■ DATA EXCERPT:
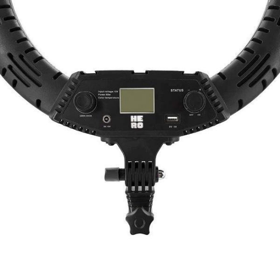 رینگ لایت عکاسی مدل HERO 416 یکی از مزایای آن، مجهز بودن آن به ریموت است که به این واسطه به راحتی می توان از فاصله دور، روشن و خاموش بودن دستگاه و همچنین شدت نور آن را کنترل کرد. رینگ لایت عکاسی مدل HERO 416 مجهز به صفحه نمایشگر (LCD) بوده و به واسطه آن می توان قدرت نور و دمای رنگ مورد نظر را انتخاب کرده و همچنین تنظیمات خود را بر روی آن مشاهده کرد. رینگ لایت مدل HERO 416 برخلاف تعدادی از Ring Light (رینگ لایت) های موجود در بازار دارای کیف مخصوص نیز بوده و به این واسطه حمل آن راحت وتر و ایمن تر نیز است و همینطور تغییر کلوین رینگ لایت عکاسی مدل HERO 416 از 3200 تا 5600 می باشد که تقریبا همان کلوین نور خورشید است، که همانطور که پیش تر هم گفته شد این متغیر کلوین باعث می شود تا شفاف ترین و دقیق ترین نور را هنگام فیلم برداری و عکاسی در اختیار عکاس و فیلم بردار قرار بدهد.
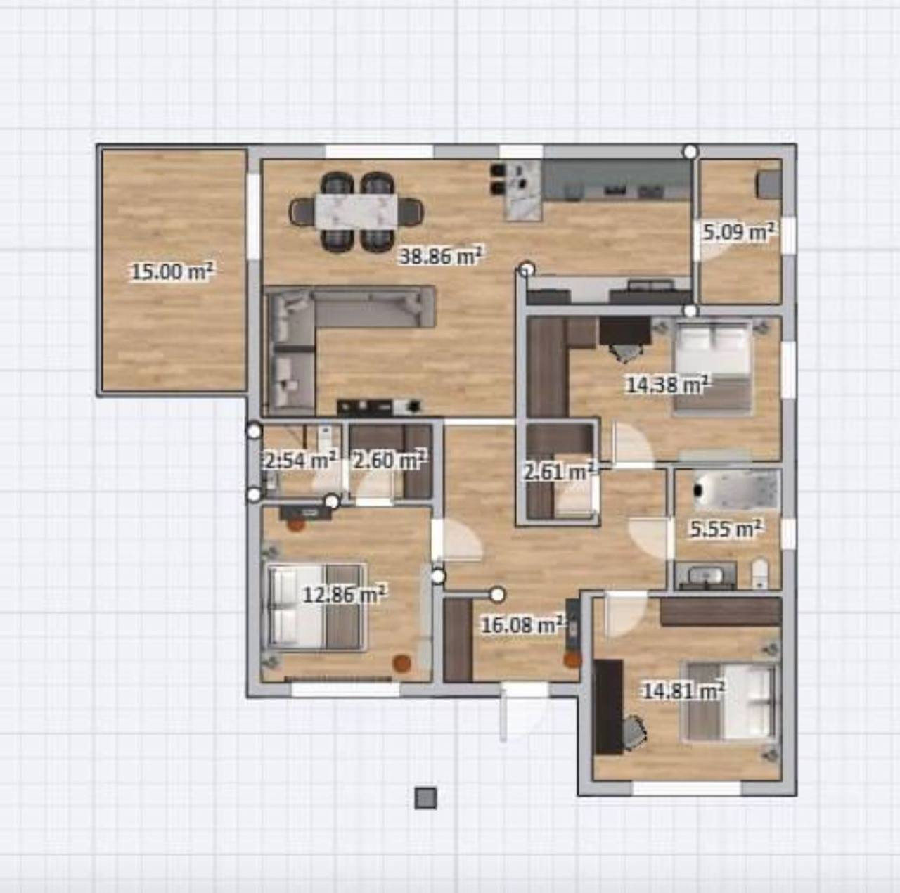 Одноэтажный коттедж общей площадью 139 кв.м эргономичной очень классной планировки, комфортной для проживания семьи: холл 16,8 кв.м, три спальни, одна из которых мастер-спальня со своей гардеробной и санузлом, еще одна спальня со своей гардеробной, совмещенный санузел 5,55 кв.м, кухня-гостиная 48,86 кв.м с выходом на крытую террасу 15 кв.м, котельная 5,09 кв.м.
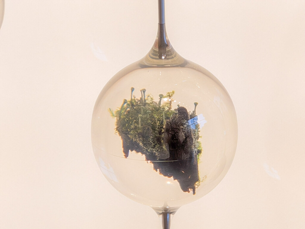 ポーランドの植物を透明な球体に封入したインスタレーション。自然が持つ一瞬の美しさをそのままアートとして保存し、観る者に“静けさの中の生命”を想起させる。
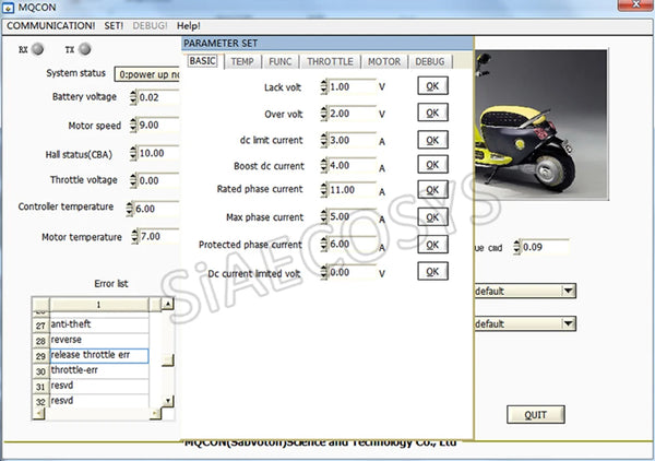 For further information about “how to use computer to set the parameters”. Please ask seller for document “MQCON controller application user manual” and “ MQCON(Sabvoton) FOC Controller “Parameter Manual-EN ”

■ WHAT YOU HAVE TO DO:
Using the listing above, copy exactly the lines from the one that contains "Одноэтажный коттедж общей" through its last line, both included, but not the pictures.

■ EXERCISE RESPONSE:
 Одноэтажный коттедж общей площадью 139 кв.м эргономичной очень классной планировки, комфортной для проживания семьи: холл 16,8 кв.м, три спальни, одна из которых мастер-спальня со своей гардеробной и санузлом, еще одна спальня со своей гардеробной, совмещенный санузел 5,55 кв.м, кухня-гостиная 48,86 кв.м с выходом на крытую террасу 15 кв.м, котельная 5,09 кв.м.
 ポーランドの植物を透明な球体に封入したインスタレーション。自然が持つ一瞬の美しさをそのままアートとして保存し、観る者に“静けさの中の生命”を想起させる。
 For further information about “how to use computer to set the parameters”. Please ask seller for document “MQCON controller application user manual” and “ MQCON(Sabvoton) FOC Controller “Parameter Manual-EN ”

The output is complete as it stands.